Two methods are typically used in diagnostics: the hydrogen breath test (HBT) and small intestine aspirate and culture (SIAC) collected by gastroscopy [21]. Although SIAC represents the gold diagnostic standard in adult patients, this method is expensive, invasive and poorly tolerated by the patient, and requires time and appropriate preparation. In the paediatric population, caregivers may find it difficult to accept the need for general anaesthesia to collect the material in younger and non-cooperating patients. In addition, the sampling procedure itself is not standardized, and there is a possibility that the sample may be contaminated by the bacterial flora of the oral cavity. It is not uncommon to obtain false positive results caused by contamination with the microbiome of the oral cavity and oesophagus, as well as false negative results resulting from aspirate samples being taken from the proximal part of the small intestine (the middle and distal parts are endoscopically difficult to access). In addition, the method is characterised by low sensitivity and specificity [12–14, 19–22] and the repeatability of the method is estimated at only 38% [2].

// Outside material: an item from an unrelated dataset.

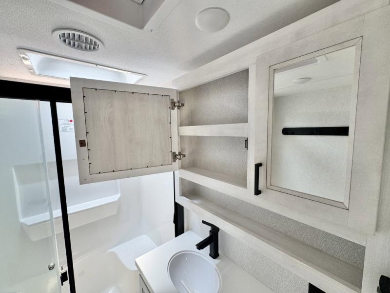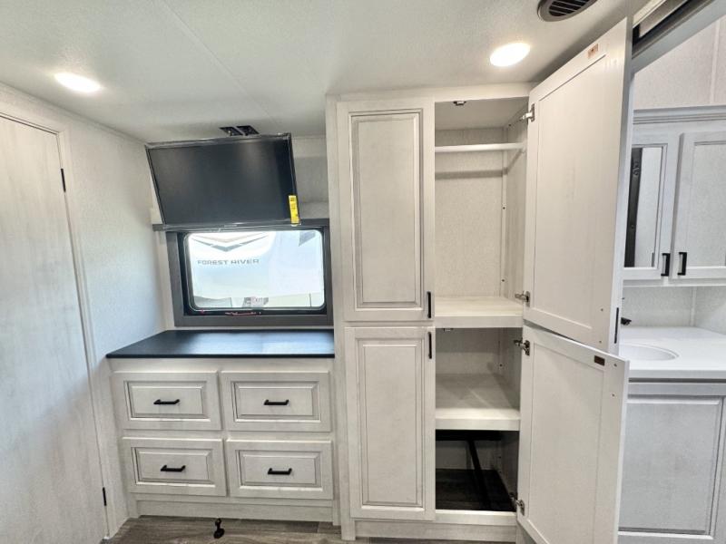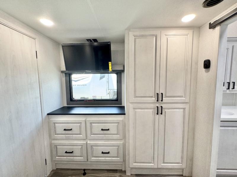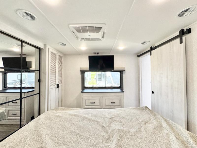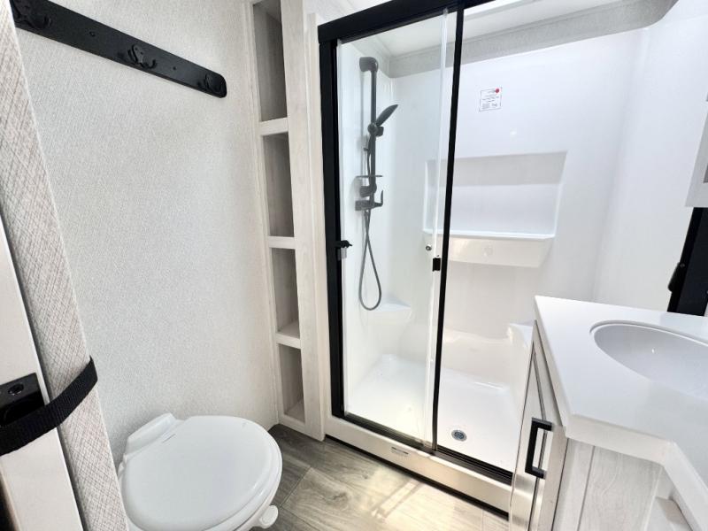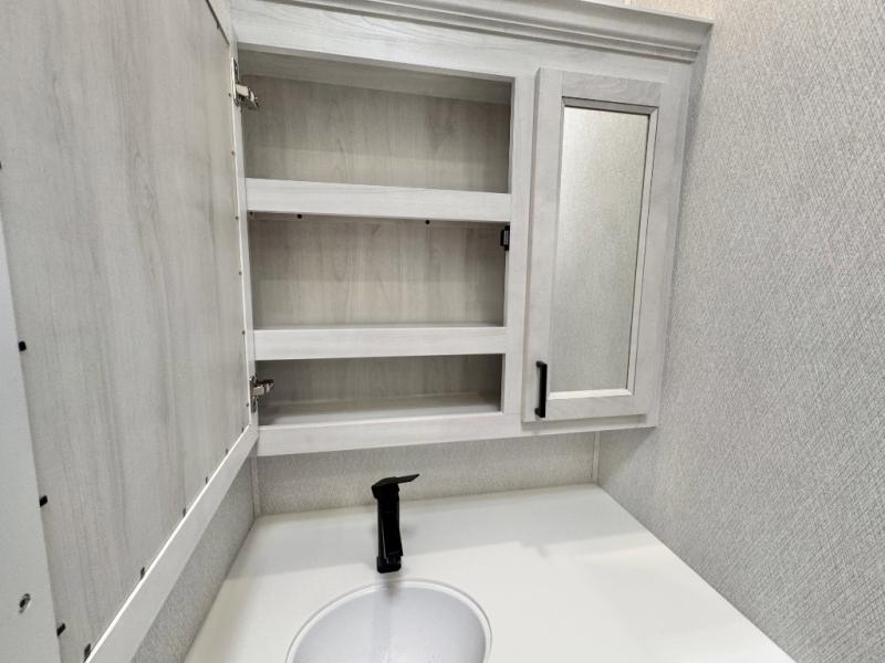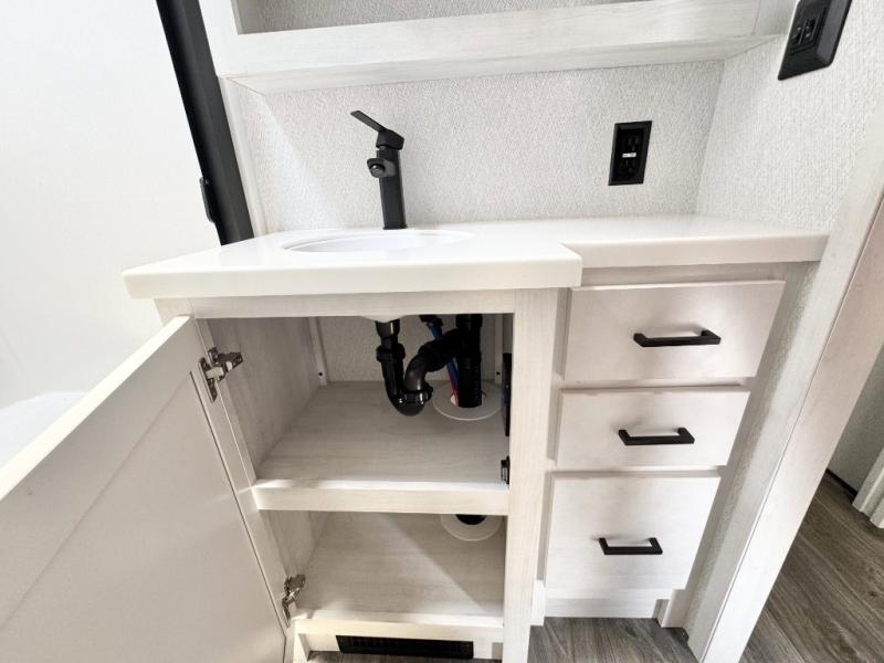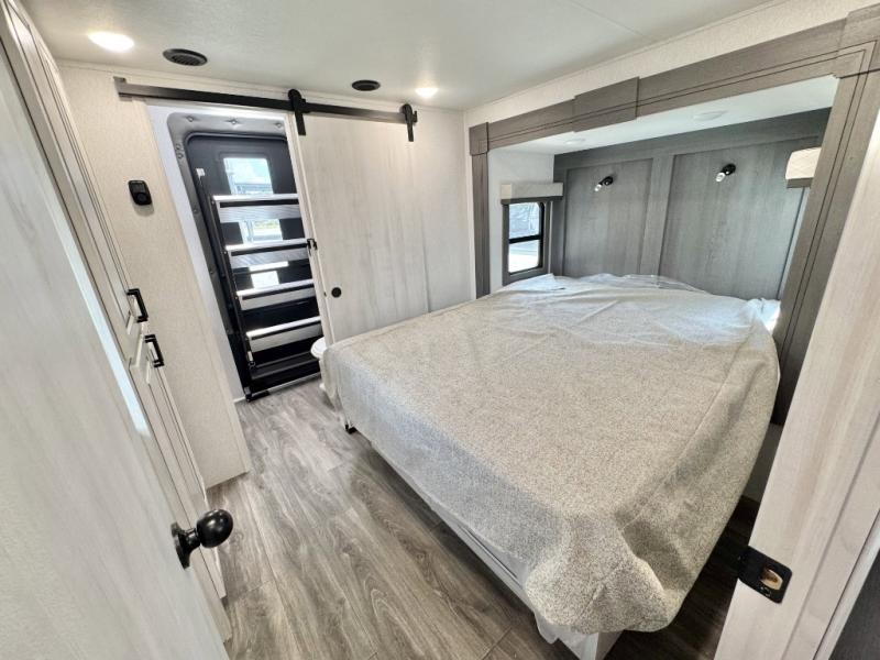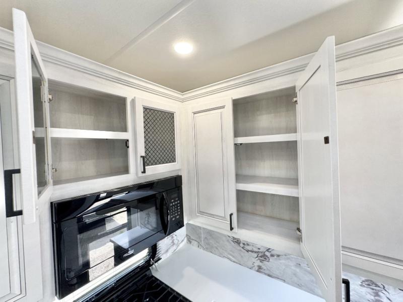 If you're looking for a luxury fifth wheel with more space for friends and family, you've found it in this Ahara! The main entry door opens up to the living area with dual opposing slides, a 50" LED TV with a fireplace, plus a full kitchen with residential appliances, a hutch, and even a pantry for dry goods and snacks. Everyone can meet here in the evenings to dine at the free-standing dinette or relax on the theater seating. You'll love the rear master suite with its king bed slide out, drawers under the bed, and full rear bath with the unique rear second entry door. And check out the Ahara Sky Suite loft above this room for even more sleeping or storage space! Your guests will find the front private bedroom to be accommodating since it includes a king bed slide out, drawers under the bed, pus a large wardrobe to keep clothes tidy. There is also a closet with washer and dryer pre. Who knows, you may just choose this bedroom for your own!

The other method commonly used in the diagnosis of SIBO, and regarded by the North American Consensus on Breath Testing as the optimal one for the diagnosis of SIBO, is HBT with glucose or lactulose. It has been proposed that the SIAC method from the small intestine is unsatisfactory for the diagnosis of SIBO [9]. In contrast, breath tests offer the advantages of speed, simplicity and safety of execution, as well as low cost and non-invasiveness; in addition, general anaesthesia and invasive procedures are also generally not needed in children. The method does however have the disadvantage that the patient needs to cooperate: the child must have the ability to exhale into the prepared bag.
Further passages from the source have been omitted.